Japanese asset prices are rising smartly - both property (commercial & residential)and shares. Corporate profits are surging. Capital investment increasing. Orders robust. Exports surging. Unemployment low. Government deficits large (>5%GDP). All the above are sure signs that things are pretty damn alright, irrespective of 0.5% core CPI still apparently deemed too low. Europe on the other hand, has less than 3% GDP fiscal deficits, much higher, but decreasing unemployment, surging asset markets, especially commercial and residential property (making some believe there is a bubble), growing private-sector debt, growing capex, roughly balanced trade accounts, and inflation that when incorporating asset prices, is growing and too high for policy makers to countenance.
So why with all this slack in employment, is inflation rearing up in Europe, but not Japan? Why are the Europeans more concerned about inflation or the Japanese with >5% fiscal gaps and near-ZIRP, not more puzzled by why with loose fiscal and loose monetary policy and rollicking asset markets, they are not generating more inflation at home? And if THAT combination of events is not generating goods-price inflation at home, would tighter monetary and fiscal policy really have a negative impact? And, if so, would this be bad for a nation that is is generating incredible dollops of income on overseas assets and FDI?
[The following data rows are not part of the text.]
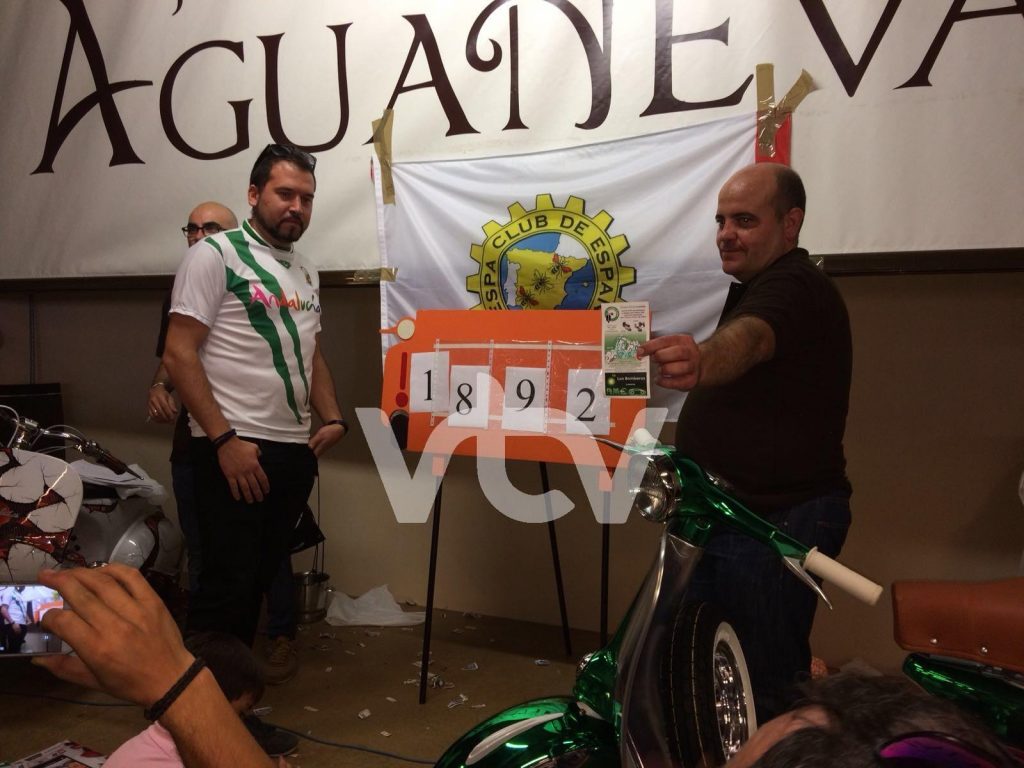 En el mismo acto se llevó a cabo la entrega de trofeos y premios y el sorteo de una vespa 125N, restaurada pro Talleres Roldán de Cabra que recaía en la papeleta 1.892, cuyo agraciado fue un véspero de Torre del Campo.
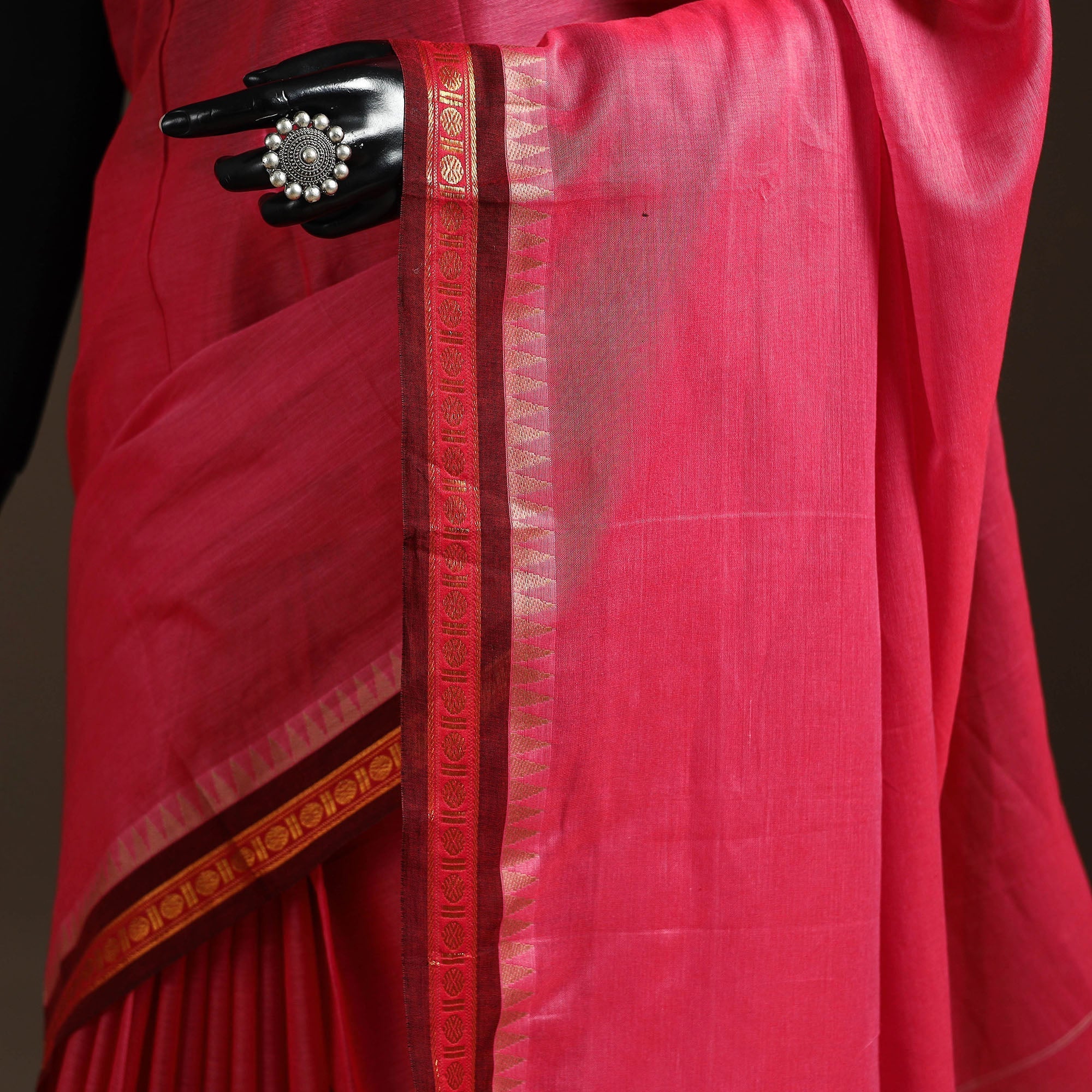 Pink dharwad cotton saree from Karnataka is woven using a traditional method known for its firm texture and intricate border work. The border features fine motifs and patterns that reflect the region’s style. These simple yet graceful details make the saree perfect for both formal occasions and festive celebrations.
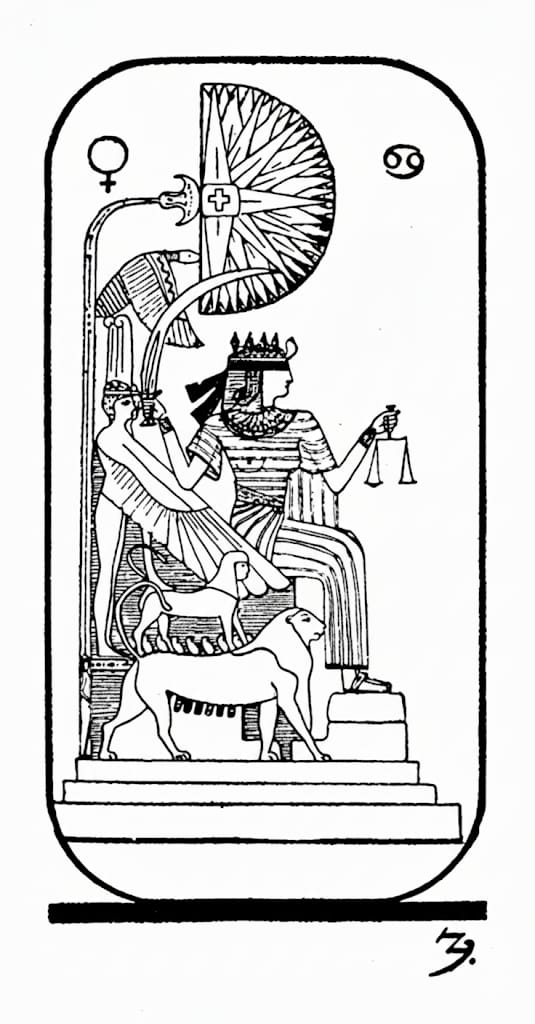 Sphinx atop lion: The primal force of instinct (lion) is continuously tamed and questioned by the mysterious cycles and riddles of the wild body.

I think that what markets are not expressing, (rightfully since pissing in the wind is unpleasant in the best of times)) is that betting against the central bank and authorities of the world's second largest economy is a "mugs game". For the the world's central banks - at the moment - are working at different purposes. The US FRB is spinelessly schizo from dual irreconciliable mandates, erring on the side of soft money. The ECB is independently pursuing its mandate, it too erring on the side of soft money, though helped enormously by the saner fiscal policies, forward-thinking energy policy & taxes, and thankfully more balanced trade account, and manufacturing sectors. The BoJ, however, sits alone at the opposite pole to the ECB: politically compromised to TeamJapan, cynically selfish global citizen insofar as they maintain a ZIRP policy that matters not in the least to Japanese demand for credit, but which insures the YEN will be the global funding currency of choice to offset their surplusses and insure that TeamJapan losses not an iota of competitiveness to their Asian peers and would-be competitors. THAT is why the yen has deteriorated over the course of the past four years. THAT is why I loathe the BoJ's inaction, and the MoF's continued demaoguery regarding the impact of higher rates, for the only real impact of higher rates would be prevent the YEN from being the financing currency of choice for global carry, resulting in a higher Yen, resulting in lower corporate profits and potentially deflation of the benign adn unpernicious kind that results from productivity gains, plateuing demographics, and a geographical location adjacent to the largest deflationary force the world has ever seen.
China bears some blame here. For China, rather than be accumulating dollars, should be selling dollars and buying Yen, driving the Yen/Euro and Yen /dollar towards equilibruim amongst the crosses, and preparing for what the eventual acscent of the RMB (and the GCC currencies) relative to the entire OECD currency panpoly.